I have suggested elsewhere that the jury system can help to defuse conflict
during turbulent times,(6) and I have offered as an Australian example
the acquittal of the Eureka rebels, following the rebellion and massacre.
British prosecutions for treason, sedition, unlawful assembly and the
like provide further illustrations: cases such as those involving William
Penn, Thomas Hardy and John Horne Tooke.
Those who have studied such matters and those who have had experience
of the jury system have generally favoured the system as one which facilitates
the democratic participation of the community in the administration of
justice. Lord Devlin observed that each jury 'is a little parliament'.

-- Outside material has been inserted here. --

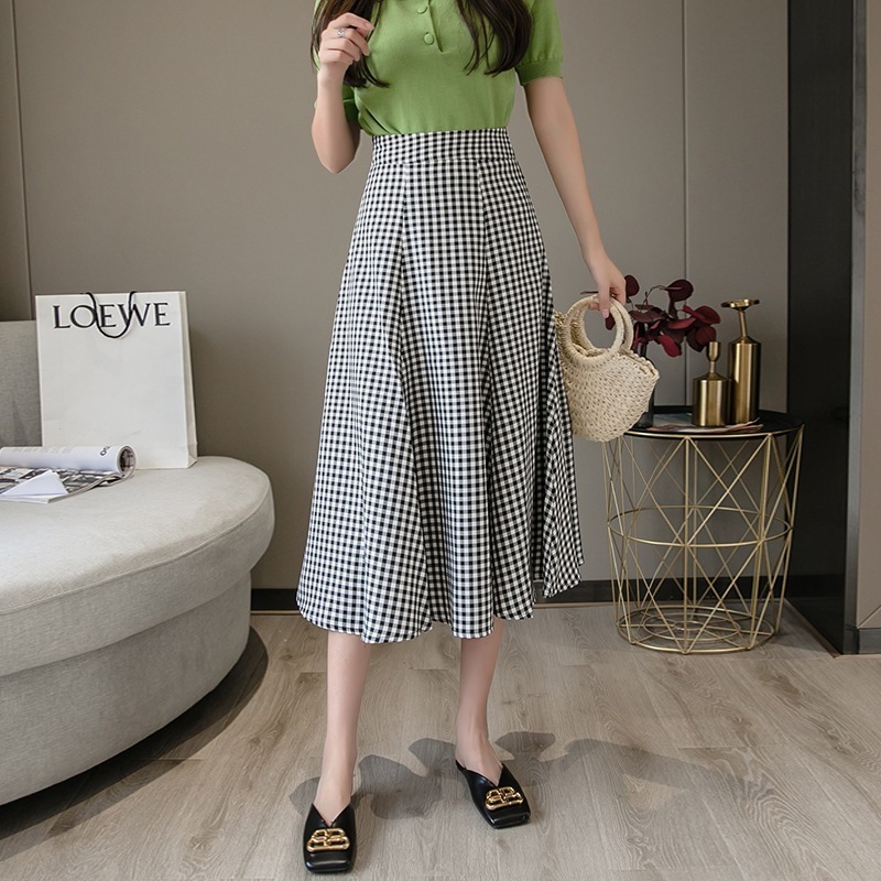 スカート ミディアム丈 ポリエステル ギンガムチェック レディース Aライン ハイウエスト プリーツ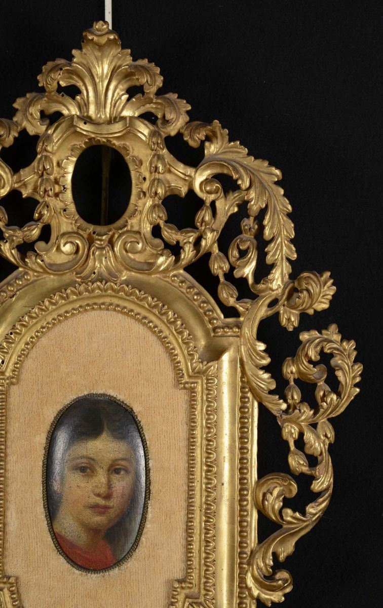 decori a motivi vegetali, cartigli e volute, al centro piccolo dipinto a olio con volto di bambina non pertinente e di epoca posteriore, cm 45x30

He added that the first object of any tyrant 'would be to make parliament
utterly subservient to his will'; the next would be 'to overthrow or diminish
trial by jury'. He concluded with characteristic eloquence that trial
by jury is more than an instrument of justice and more than one wheel
of the constitution: 'it is the lamp that shows that freedom lives'.(7)
In Australia, judges and retired judges have made similar observations.
The former ACT justice Xavier Connor QC has listed some of the features
of the system:
- The twelve jurors chosen at random are likely to represent community
views and values in a way that a single judge does not.
- Trial by jury is democratic in that the community participates in
a vital way before people accused of serious crime can be convicted.
- Juries, because they do not give reasons for their decisions, can
bring the conscience of the community to bear on issues in a trial in
a way that a judge cannot do.
- The community participation in the administration of criminal justice,
by way of jury service, promotes an understanding of the system and
confidence in it in a way that no other system does.
- Trial by jury is and is seen to be a system better adapted than any
other to preserving the liberty of the subject against oppression by
the State.(8)
Like air and water, trial by jury is best appreciated by those who have
had its benefits withdrawn from them. When the British parliament provided,
in 1787, for a military tribunal in New South Wales, with a Judge-Advocate
presiding over a panel of six military officers, the citizens soon came
to appreciate the superiority of the jury system. The military tribunal
could be manipulated by Macarthur and others and could not be relied on
to be impartial, especially when military interests were involved. William
Wentworth and others campaigned vigorously for the British system, and
numerous petitions for jury trial were lodged with the authorities. Eventually,
in 1847, that system was introduced into New South Wales and made applicable
to the Port Phillip district.(9) By the time of federation, the citizens
of all Australian colonies were quite familiar with the benefits of trial
by jury in serious criminal cases.
The provisions of the Australian Constitution were formulated in the
course of debates conducted at a series of conventions held during the
last decade of the nineteenth century. The insertion of the expression
'on indictment' in section 80 has led to what is described as the 'narrow'
approach to interpreting the section. The effect of that approach is that
section 80 does not constitute a restraint on legislative power. It is,
according to that approach, always open to the legislature to avoid the
operation of the section by providing for the summary disposition of criminal
offences, no matter how serious.
Some commentators have attributed Machiavellian deviousness to the framers
of our Constitution.(10) They have suggested that the phrase 'on indictment'
was inserted in section 80 for the very purpose of producing what Dixon
and Evatt JJ were later to describe as a 'mockery'.(11) To accept this
would be akin to suggesting that some of the framers drafted the provision
on April Fools' Day, setting out to ensnare the public into the delusion
that they had been accorded a protection which they did not in fact enjoy.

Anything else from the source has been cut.